> **Supplied data**

■ ■ ■ ■ ■ ■ ■

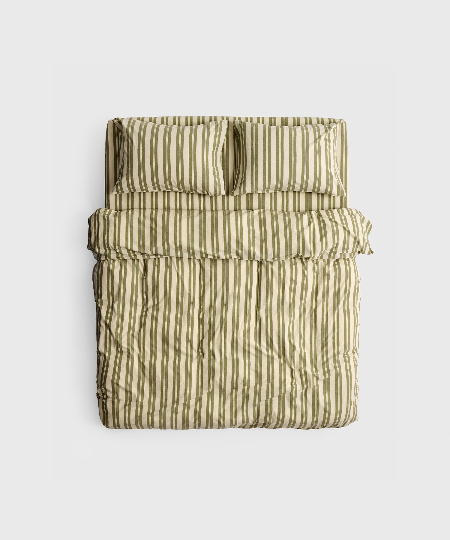 Мягкий, натуральный хлопок с авторской полоской бренда. Плотный на ощупь, отлично смотрится без глажки.
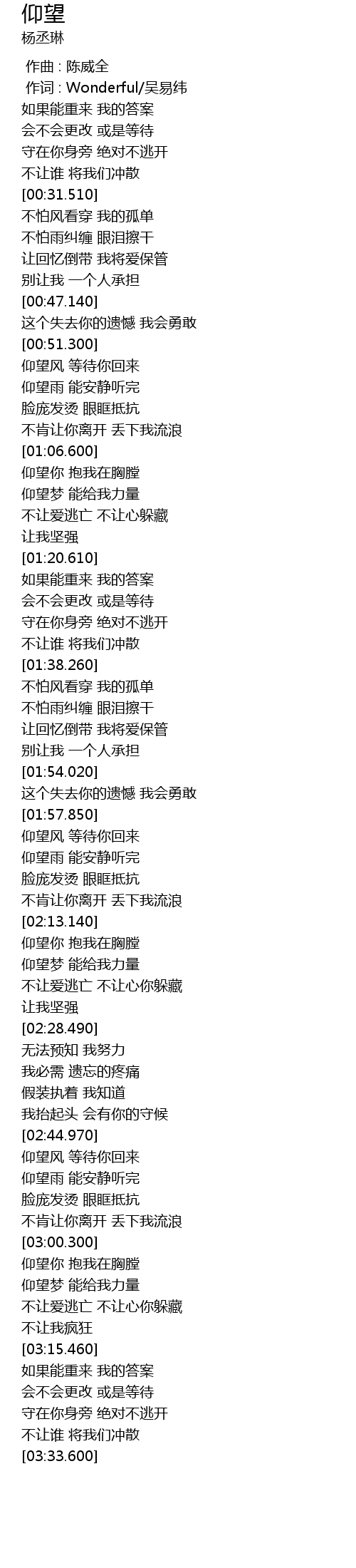 | [03:04.970] | 仰望梦 能给我力量 |
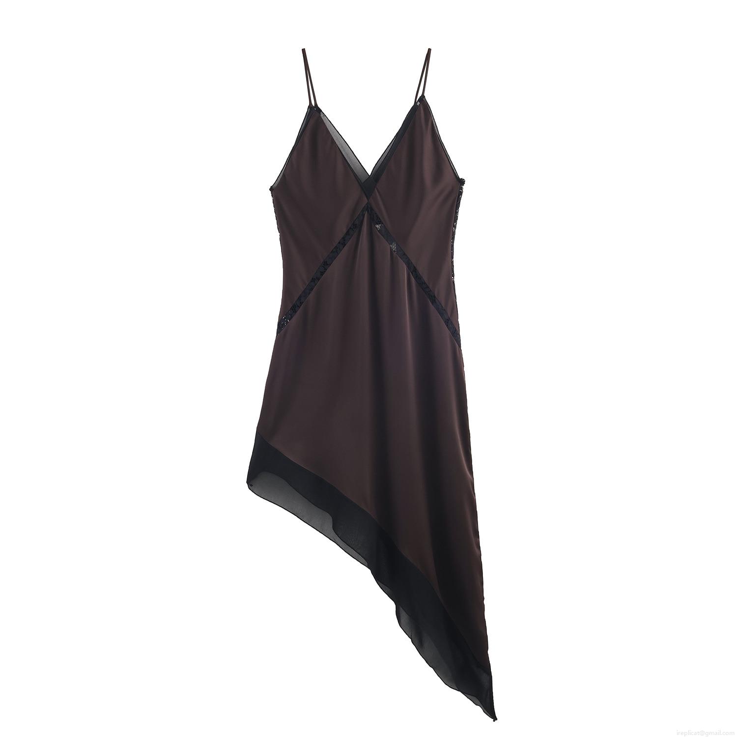 Solid Color, Lace Patchwork, Irregular Hem, Satin Finish, Asymmetrical Cut

■ ■ ■ ■ ■ ■ ■

> **Problem to work on**
These lines alone form the answer: the one containing "仰望梦 能给我力量 |" and every line after it through the end of the material, exactly as written, pictures left out.

> **Output**
 | [03:04.970] | 仰望梦 能给我力量 |
 Solid Color, Lace Patchwork, Irregular Hem, Satin Finish, Asymmetrical Cut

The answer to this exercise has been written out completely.